Top of Information shown
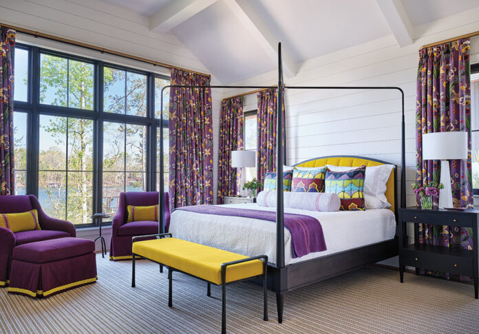 “Our shared love of color really shaped the design of this home,” says Johnson, who presented bold-hued options to her clients for every room. In the great room—the heart of the home’s gathering spaces—she installed custom magenta chandeliers from Stray Dog Designs. Their dramatic hue plays beautifully against the rustic oak beams, pristine white tongue-and-groove ceiling, and crisp white shiplap walls with the lake beyond as a counterpart to the overall palette. “With a neutral background, you can truly play with color and find a balance,” Johnson explains. “The subdued backdrop gives the eye a place to rest, and then vibrant details, such as the chandeliers, draw it around the room,” she says, celebrating each special piece within a cohesive whole.
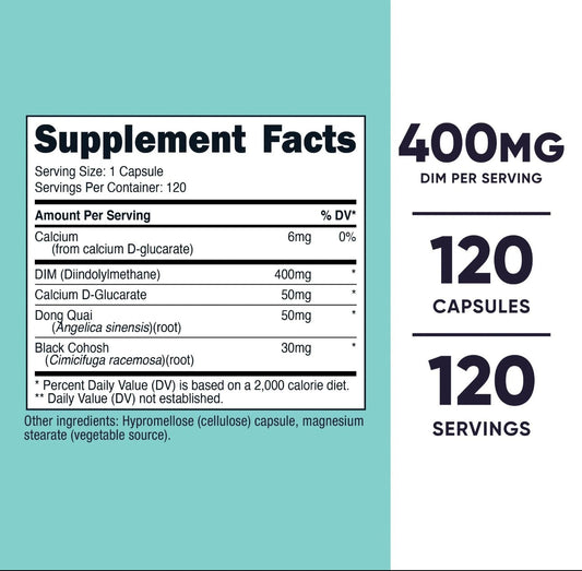Nutricost DIM (Diindolyl-methane) 400mg | Plus Dong Quai, Calcium and Black Cohosh | 120 Capsules; Exp 05/2027
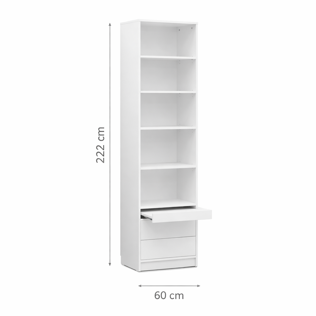 Genius-Regale mit Fächern und Schubladen sind eine großartige Lösung für alle, die Wert auf Ordnung und einfachen Zugriff auf gelagerte Gegenstände legen. Kleiderschränke aus der Genius-Kollektion, ausgestattet mit Kleiderbügeln, Schubladen und Regalen, sorgen für umfassende Ordnung im Kleiderschrank. Sie sind in glänzendem Weiß erhältlich und verleihen dem Interieur Modernität und Frische.
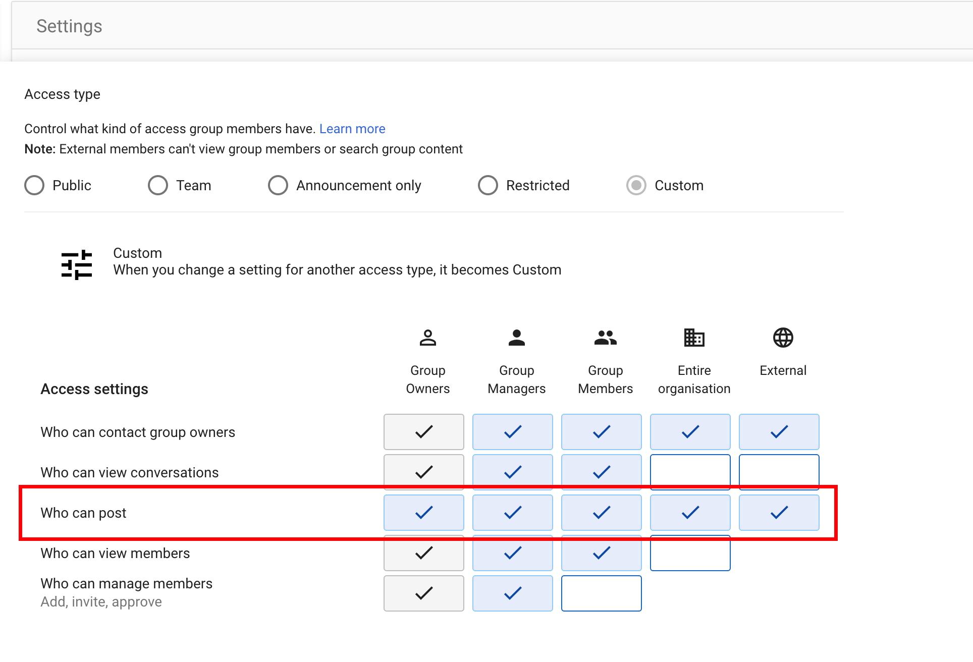Important - When creating a new Google Group always ensure that External people can “post” to the group's email address.
Bottom of Information shown
▶ **Action item**:
Write out the data once more exactly, omitting the pictures.

▶ **Written response**:
 “Our shared love of color really shaped the design of this home,” says Johnson, who presented bold-hued options to her clients for every room. In the great room—the heart of the home’s gathering spaces—she installed custom magenta chandeliers from Stray Dog Designs. Their dramatic hue plays beautifully against the rustic oak beams, pristine white tongue-and-groove ceiling, and crisp white shiplap walls with the lake beyond as a counterpart to the overall palette. “With a neutral background, you can truly play with color and find a balance,” Johnson explains. “The subdued backdrop gives the eye a place to rest, and then vibrant details, such as the chandeliers, draw it around the room,” she says, celebrating each special piece within a cohesive whole.
Nutricost DIM (Diindolyl-methane) 400mg | Plus Dong Quai, Calcium and Black Cohosh | 120 Capsules; Exp 05/2027
 Genius-Regale mit Fächern und Schubladen sind eine großartige Lösung für alle, die Wert auf Ordnung und einfachen Zugriff auf gelagerte Gegenstände legen. Kleiderschränke aus der Genius-Kollektion, ausgestattet mit Kleiderbügeln, Schubladen und Regalen, sorgen für umfassende Ordnung im Kleiderschrank. Sie sind in glänzendem Weiß erhältlich und verleihen dem Interieur Modernität und Frische.
Important - When creating a new Google Group always ensure that External people can “post” to the group's email address.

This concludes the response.